Frozen Berry Breakfast Smoothie
- 80g (about a handful) of a mixed frozen raspberries, blueberries and blackberries
- 100-150g full fat Greek yoghurt (one small tub)
- 1 small ripe banana
- 250ml full fat milk
- 1 tablespoon maple syrup or honey
- Teaspoon of vanilla extract (optional)
The Bad Girl Bakery team from the Highlands has shared with us one of their secret recipes – their popular Breakfast Smoothie. Perfect for those now back on the go!
This Breakfast Smoothie recipe comes from Jeni Hardie at the award-winning, Bad Girl Bakery. This family-run bakery based in Highlands town, Muir of Ord, has developed a formidable reputation for producing the very best handcrafted, homemade and beautifully baked delights.
Created daily by the friendly kitchen team, Bad Girl Bakery specialises in using seasonal ingredients to create cakes that often have hidden centres or something extra special about them – jammy crumble toppings or hidden surprises inside – but most importantly are a proper delicious treat. The bakery now includes a shop with baking supplies and a daily changing takeaway menu.
This is lovely because, not only does it taste great, it’s the kind of thing that feels like an indulgent treat, but is full of good stuff and incredibly filling. This recipe makes enough for two. We freeze any leftovers in ice-lolly moulds. My wee Bad Boy loves them.
Makes enough for two
All you do is put all the ingredients in the blender and whiz them up until everything is smooth. If it’s too thick just add a splash more milk. The type of milk is totally up to you. I often make this recipe at home with almond milk and it tastes great.

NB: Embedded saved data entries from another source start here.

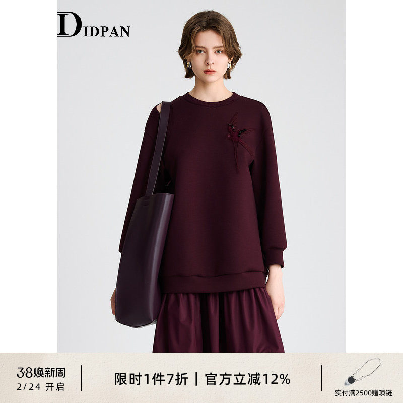 IDPAN卫衣式连衣裙冬季新款圆领长袖精致露肩喜鹊刺绣裙子女
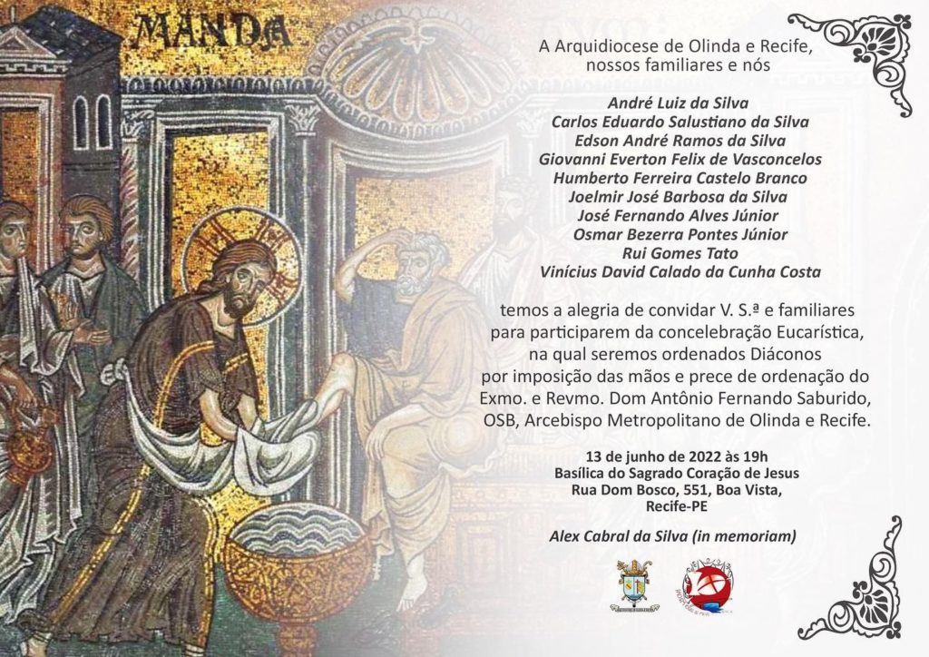 André Luiz da Silva, Carlos Eduardo Salustiano da Silva, Edson André Ramos da Silva, Giovanni Everton Felix de Vasconcelos, Humberto Ferreira Castelo Branco, Joelmir José Barbosa da Silva, José Fernandes Alves Júnior, Osmar Bezerra Pontes Júnior, Rui Gomes Tato e Vinícius David Calado da Cunha Costa receberão o Sacramento da Ordem em 1º (diaconato) pela imposição de mãos e prece consecratória do arcebispo de Olinda e Recife, dom Fernando Saburido.
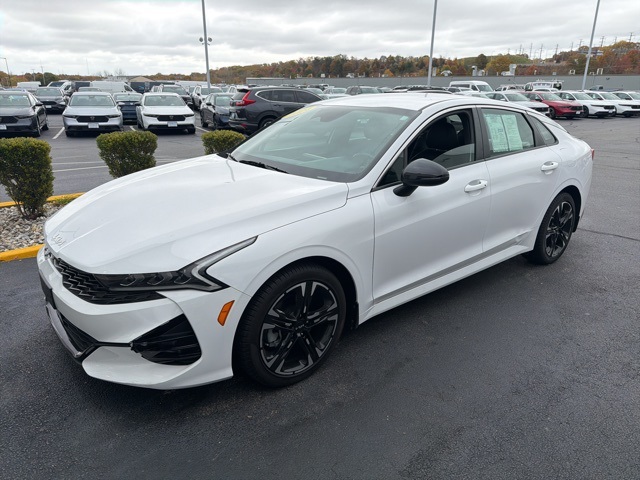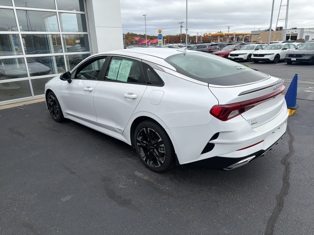 Bluetooth, Backup Camera, Keyless Entry, Apple CarPlay. CARFAX One-Owner. 2024 Kia K5 GT-Line Glacial White Pearl. Priced below KBB Fair Purchase Price! Odometer is 5031 miles below market average! 27/37 City/Highway MPG. Equipped with GT-Line Premium Package (Forward Collision Avoidance-Assist, Highway Driving Assist, LED Projection Headlamps, and Smart Cruise Control w/Stop & Go), 4-Wheel Disc Brakes, 6 Speakers, ABS brakes, Air Conditioning, Alloy wheels, AM/FM radio: SiriusXM, Apple CarPlay & Android Auto, Auto High-beam Headlights, Automatic temperature control, Brake assist, Bumpers: body-color, Carpeted Floor Mats, Cloth/SynTex Seat Trim, Delay-off headlights, Driver door bin, Driver vanity mirror, Dual front impact airbags, Dual front side impact airbags, EC Mirror w/Homelink, Electronic Stability Control, Four wheel independent suspension, Front anti-roll bar, Front Bucket Seats, Front Center Armrest, Front dual zone A/C, Front fog lights, Front reading lights, Fully automatic headlights, Heated door mirrors, Heated Front Bucket Seats, Heated front seats, Illuminated entry, Knee airbag, Leather steering wheel, Low tire pressure warning, Navigation System, Occupant sensing airbag, Outside temperature display, Overhead airbag, Overhead console, Panic alarm, Passenger door bin, Passenger vanity mirror, Power door mirrors, Power driver seat, Power steering, Power windows, Radio data system, Radio: AM/FM/MP3 Audio System, Rear anti-roll bar, Rear Bumper Applique, Rear seat center armrest, Rear side impact airbag, Rear window defroster, Remote keyless entry, Security system, Speed control, Speed-sensing steering, Split folding rear seat, Spoiler, Sport steering wheel, Steering wheel mounted audio controls, Tachometer, Telescoping steering wheel, Tilt steering wheel, Traction control, Trip computer, Turn signal indicator mirrors, Variably intermittent wipers, and Wheels: 18" Gloss Black Machined Finish Alloy.
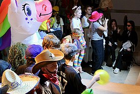 Das Highlight der Party war jedoch der Kostümwettbewerb: 30 nominierte Kinder präsentierten ihre Kostüme auf einem Laufsteg, während eine Jury aus vier Tutorinnen die Auftritte bewertete. Am Ende gewannen ein Pantomime, eine Barbie und ein NFL-Spieler.
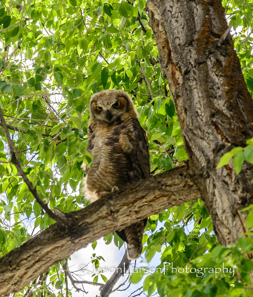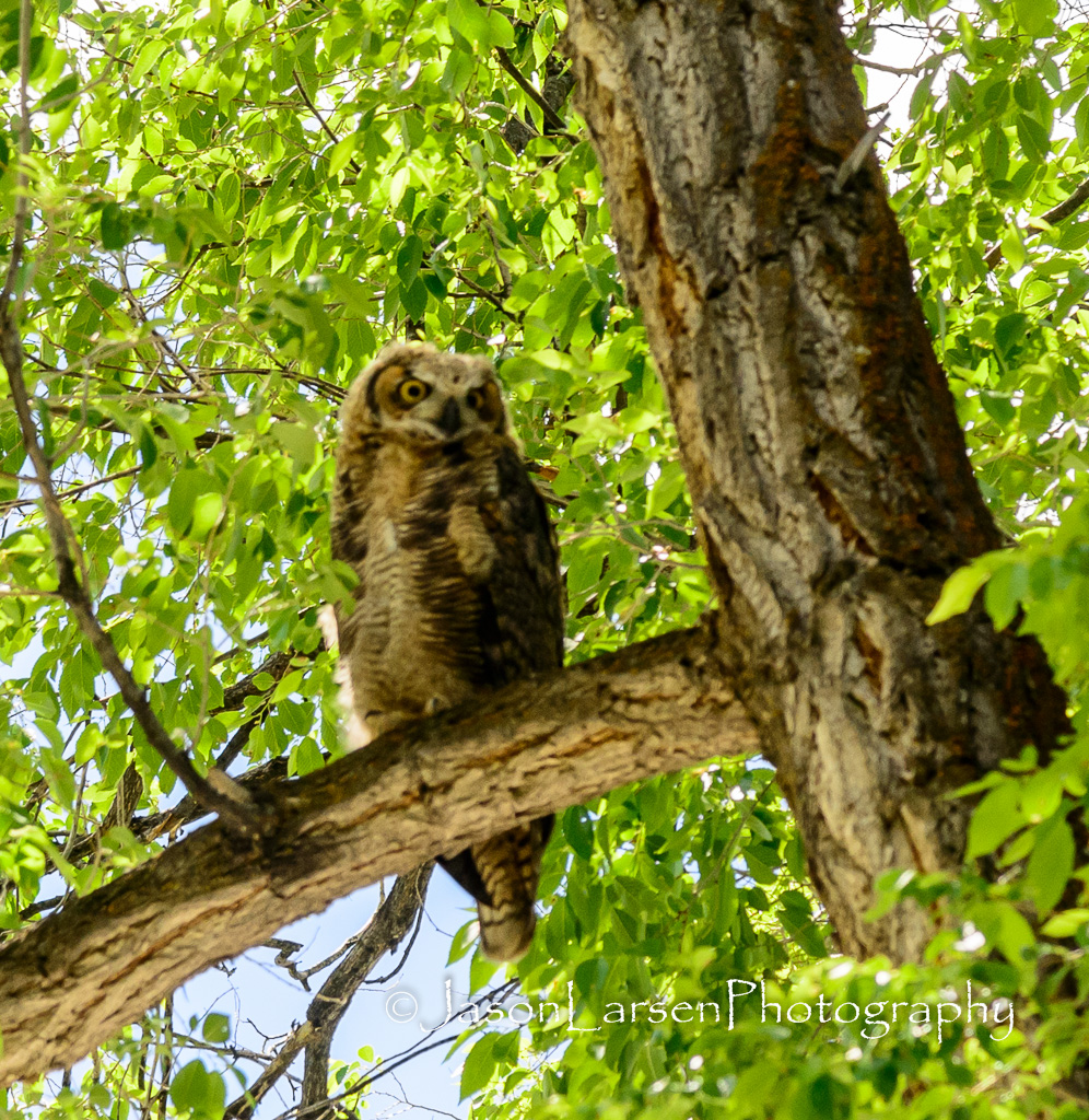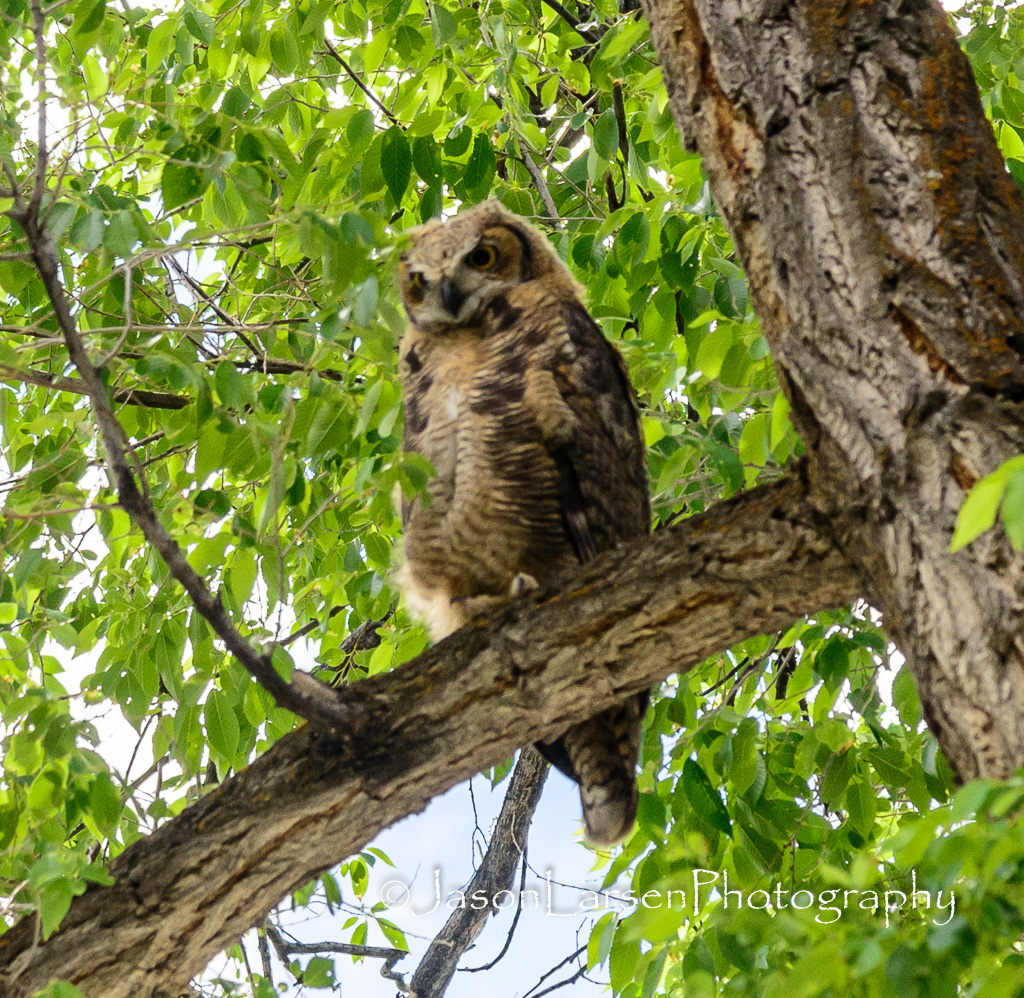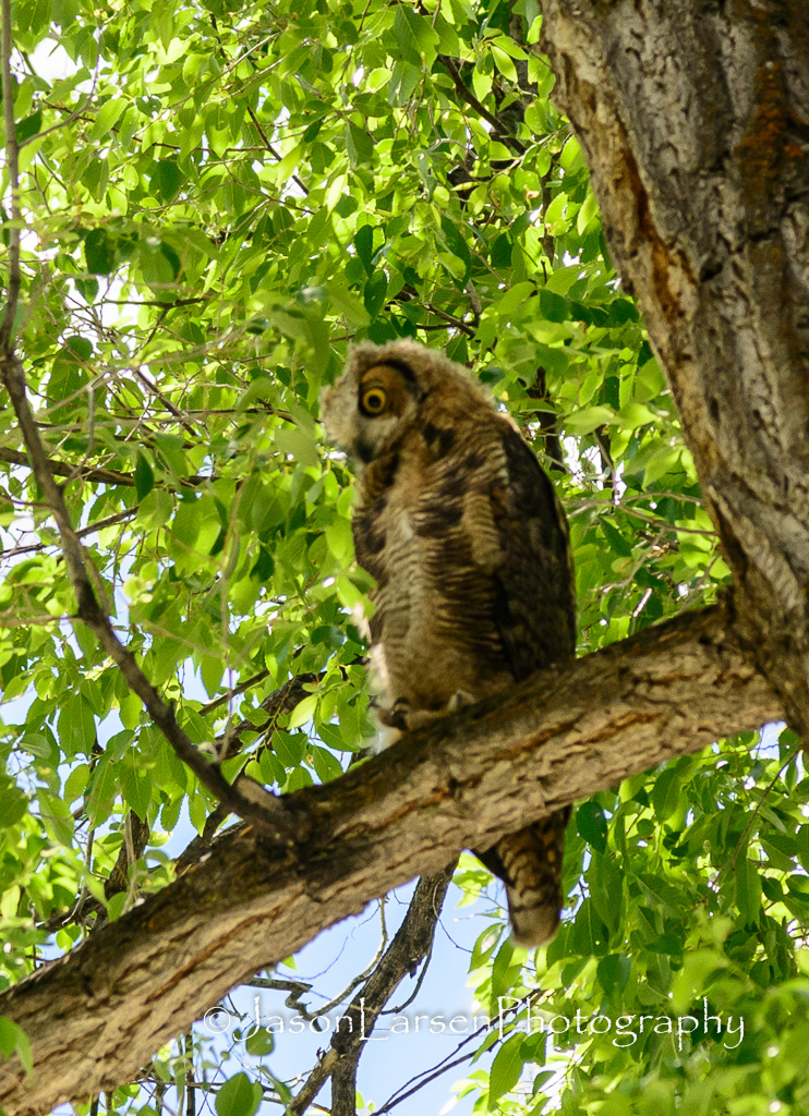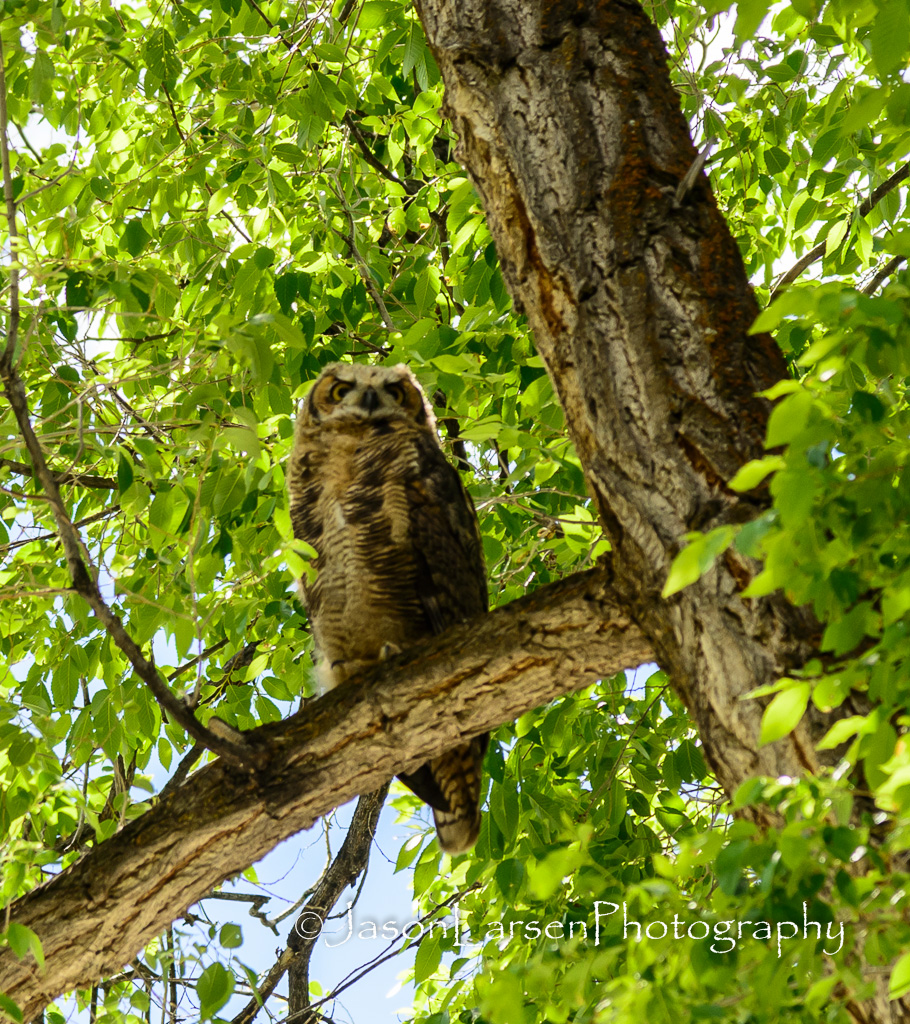 On the Saturday of Eagle Flight Days, as we went over to the city park for rides and fun, we were treated to 3 owls in one of the large trees in the park.

The berries really are best frozen for this, but if you’re using fresh berries then add a few ice cubes in before you blitz it. If you’ve got really ripe bananas you can just peel and freeze them whole and use them instead of a fresh banana. We serve ours really thick with a drizzle of maple syrup and some berries over the top.
The riper the banana, the sweeter it is, so if yours are very ripe you might want to leave out the maple syrup. You can replace the berries with frozen mango, the Greek yoghurt for coconut yoghurt and add a dash of coconut milk along with the regular milk to make a more tropical version.
NOTE: This doesn’t like to hang around, so don’t make it in advance, or it will separate.